Tran also discusses perhaps the first Vietnamese law that regulates same-sex relations as a matter of contamination of the patrilineal rule of the family. The Book of Good Government of the Hong Duc Era (Hong Duc Thien Chinh) is a compendium of laws, proclamations, and edicts which outline Confucian expectations for Vietnamese personal conduct in the 1540s. One statute prohibits sexual relations between family members, which included household servants. Tran argues that ‘a close reading of the language used suggests that it proscribed a male servant from sodomising the son of a household’, a crime punishable by decapitation.
Adopted sons (nghia nam) and designated successors (tu nam) who fornicate (gian) with their adopted mothers [shall be punished] the same as (dong) male household servants [cu’ cong nhan] who fornicate (gian) with the son[s] of the head of the household (gia trudng nam). They shall be decapitated (tram) (Nguyen 1959: 63 [cited in Tran 2004: 138]).
Tran argues that ‘fornication’ (gian) specifically referred to anal or vaginal penetration within the context of a sexual hierarchy of domination and subordination.
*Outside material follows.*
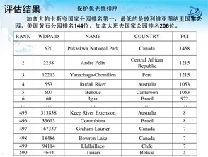 如圖所示,最后一排PCI的值最高達(dá)到1000多,最少只有5,加拿大帕卡斯夸國家公園排名第一,最低的是玻利維亞圖納里國家公園。美國黃石公園排名144位。加拿大班夫國家公園排名206位。

The penetration of the son of the head of the household was a kind of ‘violation of boundaries and the potential pollution of the agnatic line. … Having been penetrated by a person of mean social standing, the son of the head of the household could no longer play the role of a proper male, but was somehow rendered female and subordinate to the male servant’ (Tran 2004: 139). Thus, this Vietnamese provision against sodomy effectively punished the violation of patriarchal continuity and the classed social order, rather than the act of sodomy as a sexual act alone. Like many other statutes in the Hong Duc documents, it is unclear how widely this punishment was enforced. Outside of this statute, however, there are no other documented forms of direct legal intervention against male same-sex sexual activity in Vietnamese legal history.